As the uterus begins to expel the pregnancy, cramping and bleeding occurs. It is often described as being similar to the stronger, heavier symptoms of a menstrual period. Bleeding and spotting can last several days (up to a few weeks) following a medication abortion.
Seven to 14 days after taking the second drug (misoprostol), it is important for women to come back to the clinic for a follow-up. We will confirm that the abortion is complete using an ultrasound, and can start a method of birth control at this time.
The medication taken during a medical abortion can cause birth defects if the pregnancy does not terminate successfully, which occurs in less than 5 percent of women. For this reason, we strongly recommend surgical abortions if the medical abortion is unsuccessful.
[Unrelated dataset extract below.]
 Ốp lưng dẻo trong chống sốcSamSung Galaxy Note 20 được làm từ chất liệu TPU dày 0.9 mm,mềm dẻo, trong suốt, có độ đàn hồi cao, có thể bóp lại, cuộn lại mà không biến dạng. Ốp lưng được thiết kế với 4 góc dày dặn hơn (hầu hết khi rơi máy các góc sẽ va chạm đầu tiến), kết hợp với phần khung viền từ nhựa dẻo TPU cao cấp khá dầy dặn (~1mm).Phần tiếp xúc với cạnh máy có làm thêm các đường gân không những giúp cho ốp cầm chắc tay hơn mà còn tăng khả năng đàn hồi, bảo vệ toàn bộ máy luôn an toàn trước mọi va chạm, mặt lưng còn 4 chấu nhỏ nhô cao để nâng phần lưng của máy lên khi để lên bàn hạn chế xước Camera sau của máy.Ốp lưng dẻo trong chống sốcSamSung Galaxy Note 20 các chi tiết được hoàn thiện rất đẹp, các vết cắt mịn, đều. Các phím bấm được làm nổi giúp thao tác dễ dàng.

Early surgical abortions terminate pregnancy during the first trimester. Surgical abortions, unlike medication abortions, can be performed up to 22 weeks in our clinic. However, surgical abortions performed 12 weeks or earlier (first trimester) are less expensive and have a lower risk of complications than later surgical abortions.
First trimester surgical abortions are performed in the clinic with local anesthesia and optional oral or intravenous pain-relieving medication. During the procedure, a speculum is inserted into the vagina, the cervix (the opening to the uterus) is slightly stretched open, and a small tube is inserted to remove the pregnancy using a suction (or vacuum). The procedure usually only takes 5-10 minutes.
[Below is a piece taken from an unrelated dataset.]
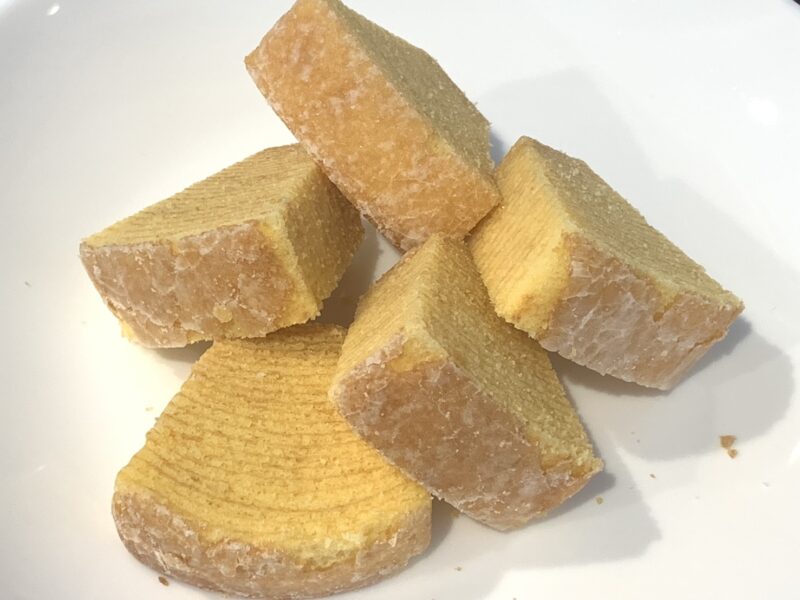 バウムクーヘンの外側に、薄く砂糖がかかっていておいしそうです。

During the surgical abortion and for a short time after, women may experience strong cramping. Bleeding and spotting often occurs for a few days or weeks following the procedure as well.
After a surgical abortion, our health educators provide instructions on how a woman should take care of her body following the procedure. The doctor will also prescribe antibiotics and birth control, if desired.
Follow-up procedures are not required after a surgical abortion unless complications related to the abortion begin to occur. We do recommend that women make an appointment to see a regular physician for an annual Pap smear, physical/gynecologic exam and birth control refill requests.
The Comprehensive Women’s Health Center difference
We are dedicated to providing expert, affordable pregnancy termination. We believe every woman deserves to be treated with respect and dignity regardless of any life circumstances.
Our clinic was founded with three major goals:
- To provide accessible, high-quality abortion and family planning services in a private, comfortable and sensitive atmosphere.
- To expand access to abortion services by training future providers.
- To improve contraception and abortion services through clinical research.
Deciding to have an abortion and the questions that follow
When a woman decides to have an abortion, it is a very personal decision. We recognize that having an abortion may be a difficult choice, and we provide the support and information women need to help make a decision that is right for their individual situation.
The following websites are clear, unbiased resources for women who need help with this choice:
Once a woman has made the decision to have an abortion, many questions follow. The most common ones that we hear are:
- Is having an abortion safe?
- Does it hurt?
- How much will it cost/will insurance cover it?
These questions are normal. We want to make sure that women are fully knowledgeable about the abortion procedure that she chooses and the costs associated with it. We provide answers to all of these questions and more on our Abortion FAQs & Abortion Facts page.
CWHC is conveniently located in central Denver and is integrated into a private women’s health practice, so patients cannot be identified for seeking abortion services.
We also strive to be honest and supportive when it comes to the cost of our services. Some insurance plans cover abortions, but many do not. For this reason, we work with each woman to determine the best payment option for her situation.